6th President of CAN

Pastor
- Incumbent
- Assumed office 2016
- Vice President: Caleb Ahima
- Preceded by: Ayo Oritsejafor
- Succeeded by: Daniel Okoh

6th President of NBC

Personal details
- Born: Samson Olasupo Adeniyi Ayokunle 25 January 1957 (age 69) Oyo State, Nigeria
- Spouse: Deborah Ayokunle ​(m. 1987)​
- Children: 3
- Parent(s): Amos Ogunkunle Theresa Bibilari Ogunkunle
- Occupation: Pastor

= Supo Ayokunle =

Nigerian pastor and administrator (born 1957)

Samson Olasupo Adeniyi Ayokunle, CON (born 25 January 1957) commonly known as Supo Ayokunle is a Nigerian pastor and administrator. He was the 6th president of the Christian Association of Nigeria. He was also the 6th President of the Nigerian Baptist Convention.

He was born in Oyo State, Nigeria and married Deborah Ayokunle (née Adesipo). Until becoming a pastor, Ayokunle worked as a teacher and public administrator.

==Early life==
Olasupo Ayokunle was born into the family of Amos Ogunkunle and Theresa Bibilari Ogunkunle of Jagun Alawusa House, Isheke, Oyo Town in Oyo State.

==Education==

He attended Oniyanrin Baptist Central Day School, Iware Road, Oyo State, graduated in 1971, earning his West African School Leaving Certificate Ordinary Level in 1977. He received his Bachelor of Science in Sociology from the University of Ibadan in 1983. He enrolled for a Post Graduate Diploma in Education in 1986. Ayokunle holds master's of divinity degree in Theology in 1992 at the Nigerian Baptist Theological Seminary, Ogbomoso, master's degree in Guidance and Counselling from University of Ibadan, Master's degree in Theology and Religious studies, Liverpool Hope University, Liverpool in 2000 and 2003 respectively and Doctor of Philosophy (Ph.D) degree in Theology in 2008.

==Nigerian Baptist Convention==
Ayokunle was elected the 6th Nigerian General Secretary (now President/CEO) of the Nigerian Baptist Convention.

===Christian Association of Nigeria===
In 2016 he was made President of the Christian Association of Nigeria (CAN], the largest Christian ecumenical body in Africa, after Pastor Ayo Oritsejafor left office. He was re-elected in 2019 for another term.

==Publications==
===Books===
- Major Keys to a Successful Christian marriage and the Family. Day Star Press, 1997
- Weapons for Winning your Battles. Ibadan: Baptist Press, 1998
- Fighting to Win. Glad Tidings Publishers, Ibadan: Glad Tidings Publishers, 1999
- ‘The Role of the Preacher in Minimizing the use of Religion for Violence’ in Ecclesiastes: The Preacher, the Church and the Contemporary Society ed. by Ademola Ishola and Deji Ayegboyin. Ibadan: Baptist Press, 2006
- Effective Christian Leadership in the 21st Century, ed. Ibadan: Baptist Press, 2010
- Building a Witnessing Family. Lagos: Dunamis Windows Resource, 2012
- ‘The Minister’s Family: A Glorious Example’ in The Minister and his Family (A Resource Book for The Life Builders’ Conference, 2009
- Church Communication and Conflict Management for Strategic Church Leaders, 2014
- Integrity: Key to Success in Leadership, 2015

== Articles ==
Ayokunle has written several articles for the Nigerian Baptist Magazine, the monthly publication of the Nigerian Baptist Convention.

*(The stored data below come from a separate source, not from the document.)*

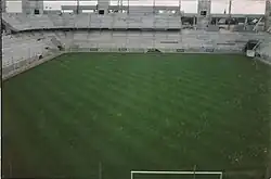 Alors que le site n'est encore qu'un terrain vague, la première phase des travaux consiste à creuser un trou de 120 mètres par 80 mètres destiné à recevoir la pelouse, qui est plantée bien avant le début de la construction des tribunes[13]. 150 000 mètres cubes de terre sont excavés[14] et les travaux de terrassement sont terminés à la fin du mois de .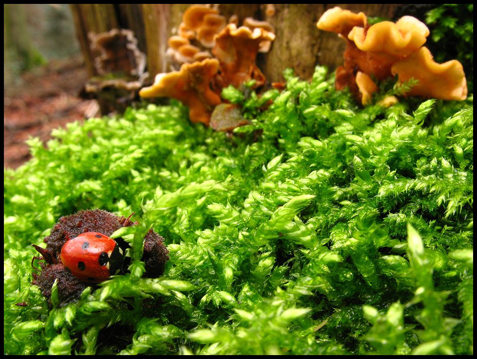 Fangen wir mit dem an, was ich lapidar als 'Baumpilz' abtun würde und wofür ich mich sonst eigentlich nicht wirklich interessiere. Aber bei der zur Zeit mageren Auswahl und den teilweise recht netten Erscheinungsbildern, habe ich doch mal ein paar von ihnen abgeschossen. Bei diesem Leuchtfeuer abgestorbener Hölzer handelt es sich um Striegelige, Zottige oder auch Gelbe Schichtpilze (Stereum hirsutum). Der Marienkäfer saß dort übrigens freiwillig herum und wurde nicht von mir in Position geschoben - was auch für seinen gelben Freund galt, der sich dort noch im Moos versteckte.
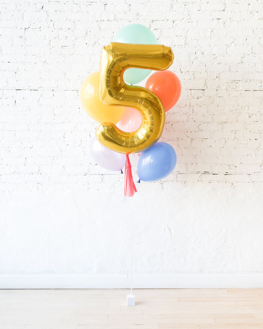 GIFT-Pastel Rainbow Palette Foil Number and Latex Balloon Bouquet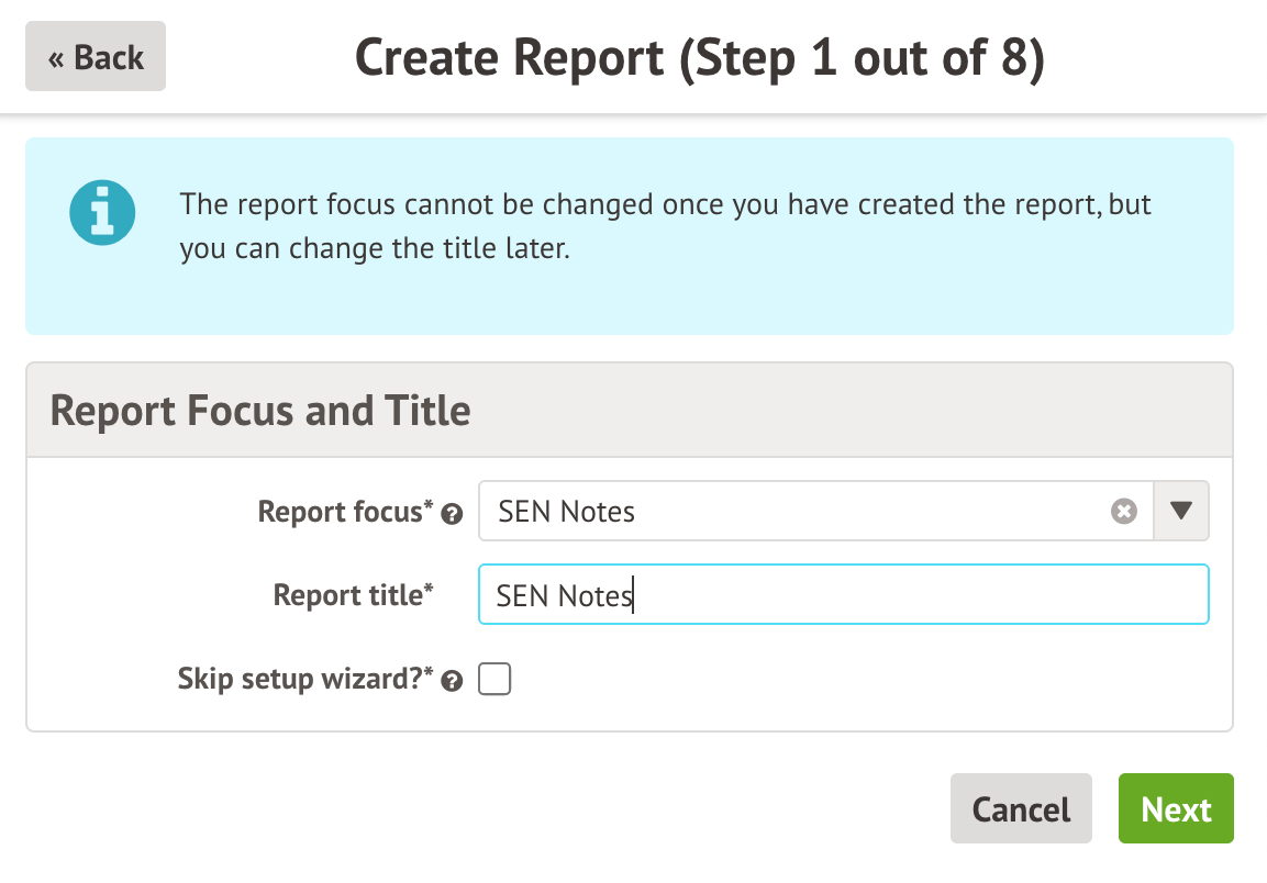 Top Tip: You may find it easier to click 'Skip setup wizard' after choosing your report focus and title to head straight to the main Edit screen.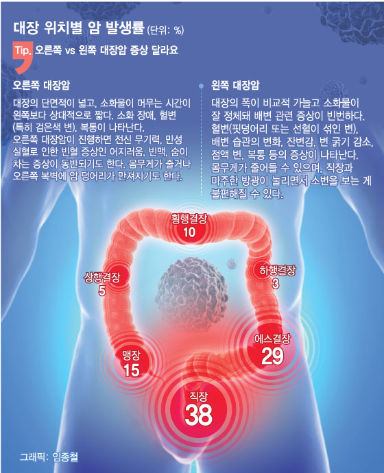 대장 암과 위암의 비교 서양과 달리 한국은 원래 위암이 대장 암보다 많았지만 최근 들어 식사 습관, 문화, 생활 수준이 서구화하는 높아지면서 대장 암 발병률이 급격히 늘어나는 추세입니다.어떤 사람은 대장 암을 부자 병이라고 부르는 것도 있지만..인스턴트 식품, 가공 식품, 술, 폭식, 야식 등과 관계가 있기 때문입니다!▣ 대장 암의 위험률이 높은 사람.① 과거에 선종이나 염증성 대장 질환을 앓았던 사람, ② 가족 중에 선종 환자, 대장 암 환자가 있을 경우 ③ 가족 중에서 대장에 폴립이 발견된 사람이 있을 경우 ④ 평소 기름진 음식은 많이 먹고 채소류(식물 섬유)은 적게 먹는 사람, ⑤ 유방 암, 난소암, 자궁 내막암을 앓은 적이 있는 경우.▣ 초기 대장 암의 의심 증상.① 평소와 다르게 변비나 설사가 꽤 오래 돼서 ② 배가 잘 아프다, ③ 대변의 굵기가 계산하고, ④ 대변에 검붉은 피가 섞여서 나온 ⑤ 잔편감이 항상 있어 ⑥ 체중 감소, 식욕 감퇴, 원인 불명으로 빈혈이 있다.▣ 위암의 초기 증상.초기에는 특별 증상이 없었지만, 점차 ① 속쓰림, ② 소화 장애, ③ 구토, ④상 복부 불쾌감, ⑤ 복통, ⑥ 식욕 저하, ⑦ 가끔 구역질 등.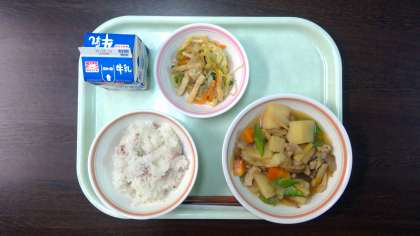 給食だより 4月9日(火) 公開日 2024/04/09 更新日 2024/04/09 今日の給食 ・さくらおこわ ・新じゃがいもの煮つけ ・ちぐさあえ ・牛乳 おこわとは、もち米を炊いたり蒸したりする米飯のことです。その歴史は古く、弥生時代にはうるち米を蒸した料理が食べられていたとされています。きょうの給食では、桜の塩漬けを使い春らしい「さくらおこわ」を取り入れました。桜の香りを楽しみながら食べてください。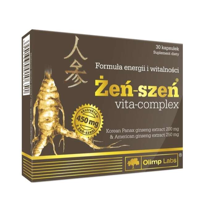 Ginseng ENERGIE UND VITALITÄT FORMEL VITA-COMPLEX Ginseng Nahrungsergänzungsmittel in Kapseln, eine Zusammensetzung aus standardisierten Extrakten höchster Qualität aus zwei Ginsengarten, zusätzlich angereichert mit schwarzem Pfefferextrakt und einem Komplex aus 12 Vitaminen. Der an Ginsenosiden reiche Ginsengextrakt trägt zur Aufrechterhaltung der Vitalität und der körperlichen und geistigen Leistungsfähigkeit des Organismus bei. Darüber hinaus tragen die im Produkt enthaltenen Vitamine (Riboflavin, Niacin, Vit. B6, B12, C) dazu bei, das Gefühl von Müdigkeit und Ermüdung zu verringern.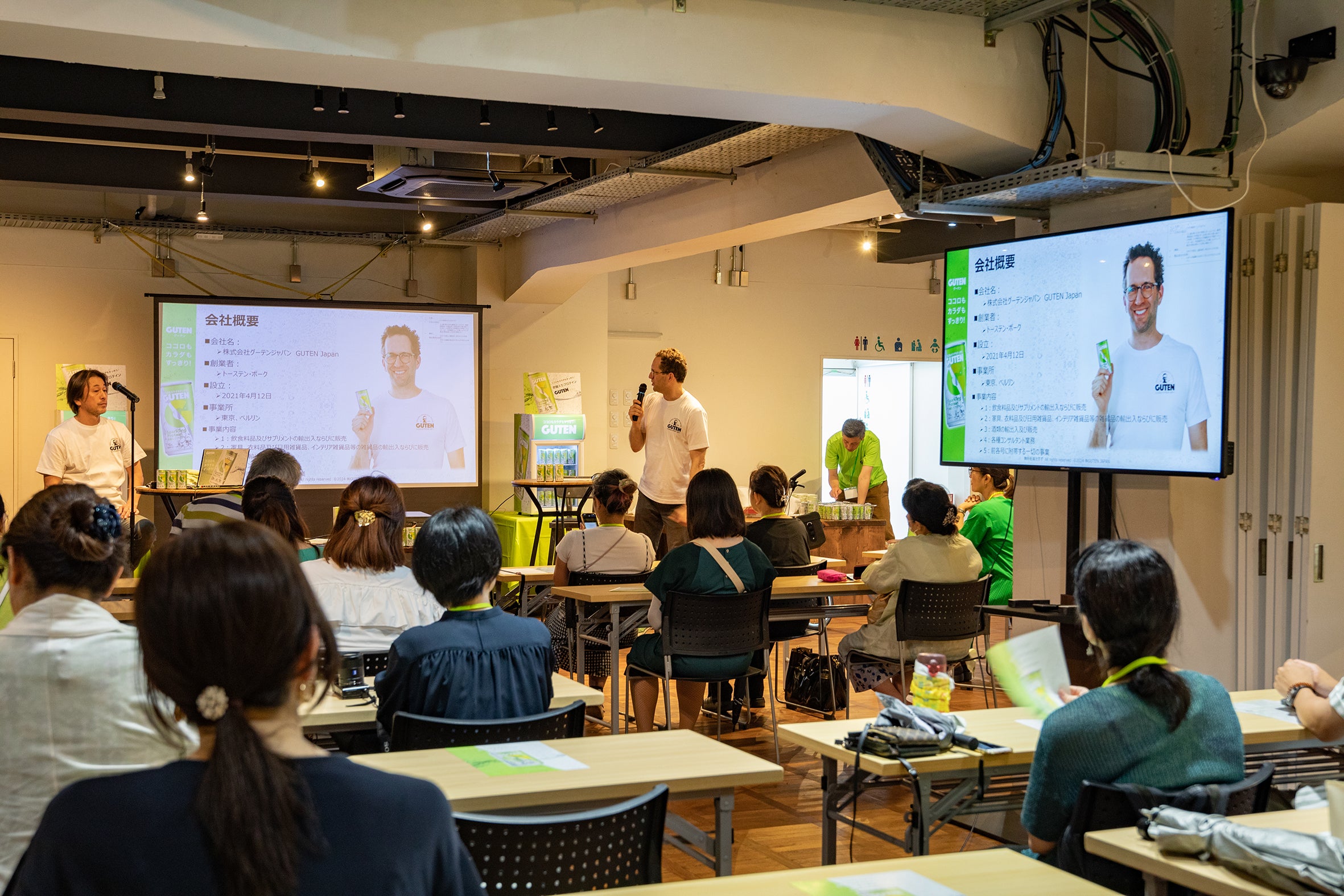 総勢60名のゲストの方々をお招きし、「GUTEN」のご紹介から創業者トーステンボークによる開発理由、「GUTEN」の今後の展望などをお話しさせていただき、ご来場いただいた皆様に「GUTEN」を試飲いただきました。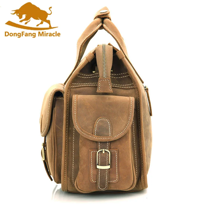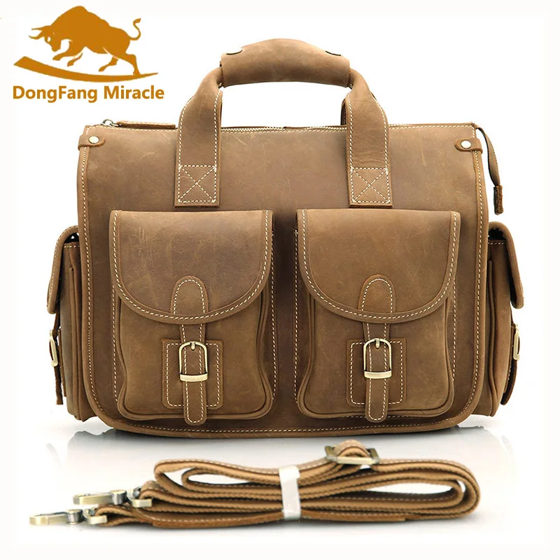 HOT Sale DongFang Miracle 100% Genuine Vintage Crazy Horse Leather Laptop Briefcase Bag Hand bags High Quali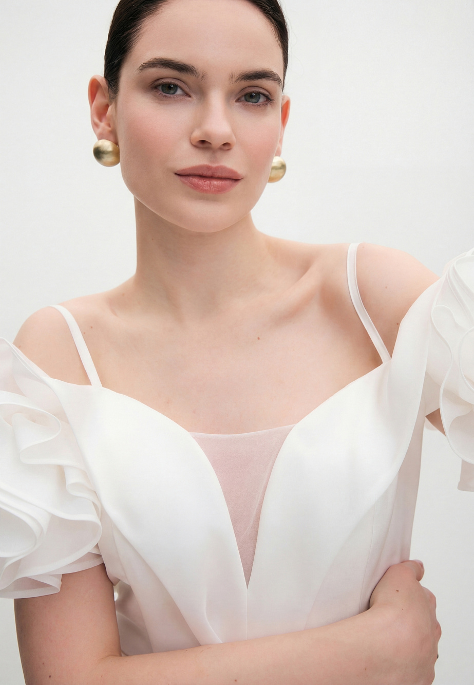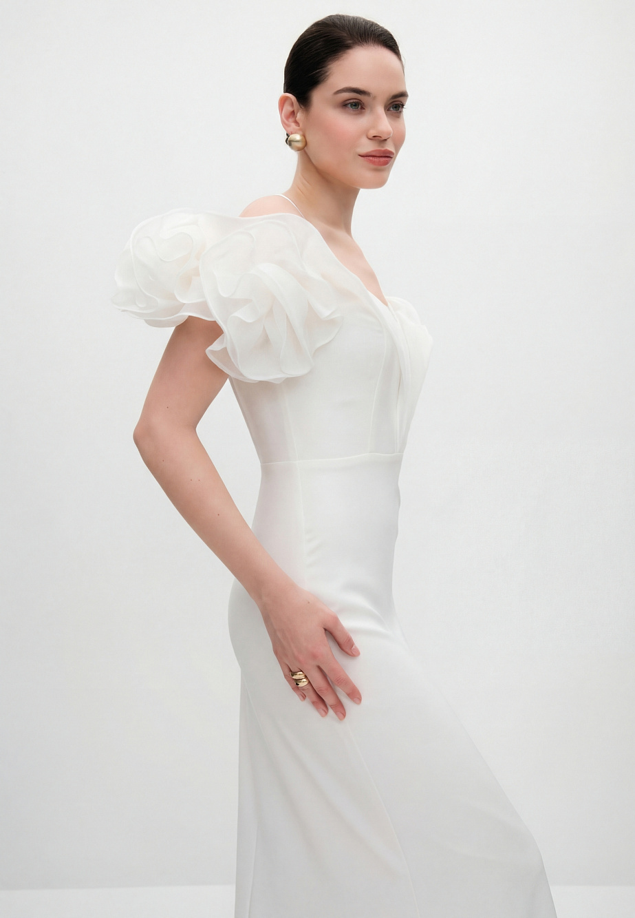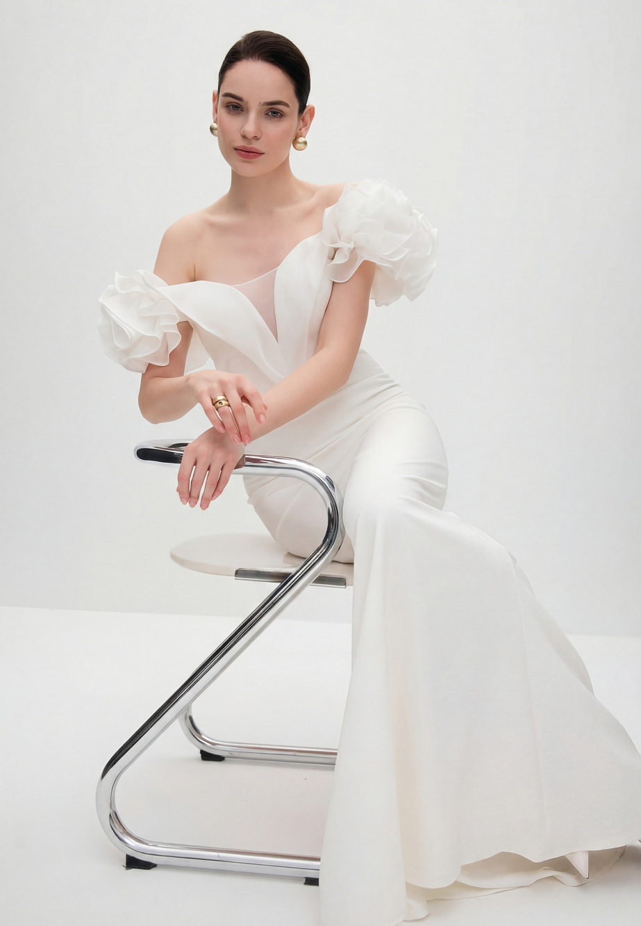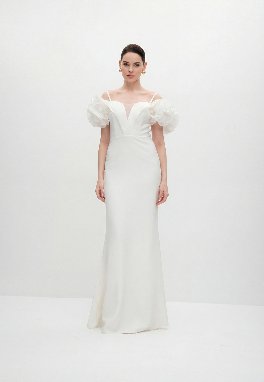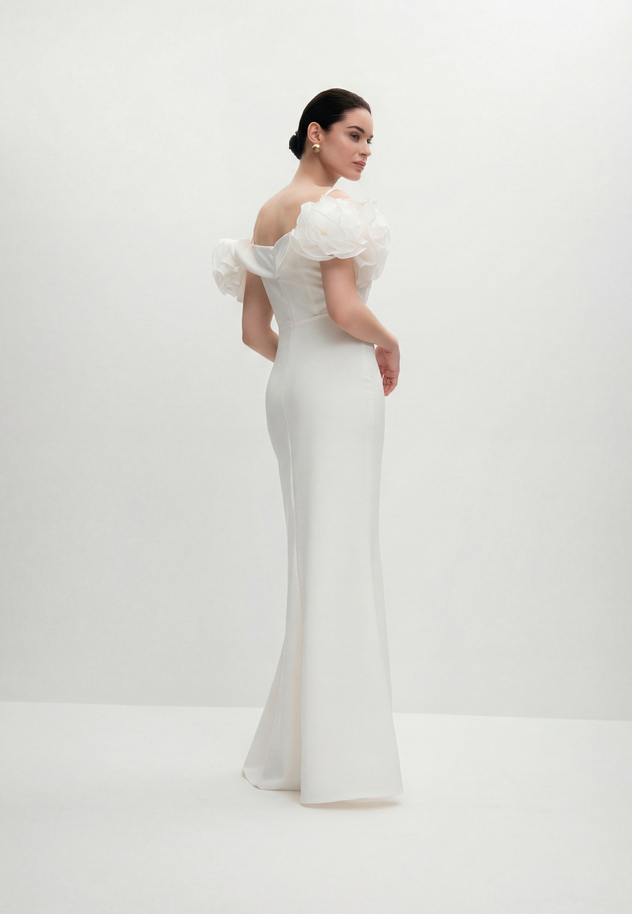 Роскошное вечернее платье длиной макси,приталенного кроя, повторяющего силуэт фигуры. В модели продумано все до мелочей так, чтобы платье создавало wow-эффект и при этом было легкое и комфортное. Платье корсетного типа, конструкция учитывает его носку без белья, в лифе есть встроенные чашечки и вставленный в рельефы регилин для уверенной фиксации. Модель ассоциируется с цветком - отвороты по V-образному вырезу в виде листьев и цветы, выполненные из плотной органзы эффектно прикрывают плечи, что придает шарм и женственность и созвучно с ДНК бренда.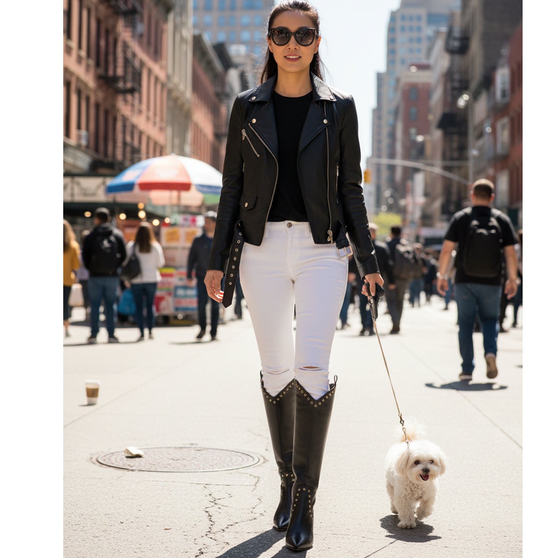 Stunning knee-high black leather boot crafted with grommet details, and inside zipper and a comfortable kitten heel. Timeless boho style!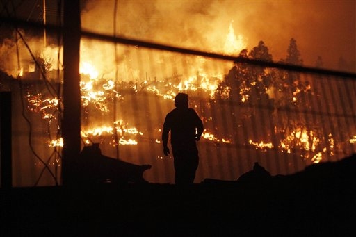 VALPARAISO, Chile (AP) — Helicopters and airplanes dumped water on wildfires and the smoldering wreckage of hilltop neighborhoods around Valparaiso for a third straight day Monday as sailors in riot gear stood ready to evacuate 700 more families whose homes could be lost if the winds shifted.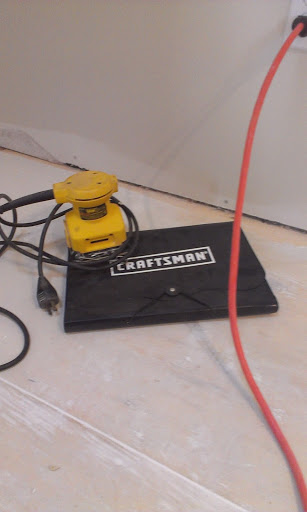 I took my trusty palm sander and 100 grit sandpaper and got to work.

- ‘The Secret Life of a Vessel that Liberates’ in Kingdom Leaders: Vessels of Liberation. (A resource book for the Nigerian Baptist Convention’s General Workers’ Conference held at Bowen University, Iwo from 1-3 February 2010), pp. 1–14
- ‘The Minister and the Spiritual Mandate’ in The Minister and Spiritual Gifts. (Resource Book for the Ministers’ Conference, 2010, Baptist College of Theology, Oyo), pp. 25–31
- ‘Leadership Pitfalls: Preventing the Killer Diseases’ in Effective Christian Leadership in the 21st Century’ ed. by Rev. Dr. Supo Ayokunle. Ibadan: Baptist Press, 2010, pp. 37–50

== Award ==
In October 2022, a Nigerian national honour of Commander of the Order of the Niger (CON) was conferred on him by President Muhammadu Buhari.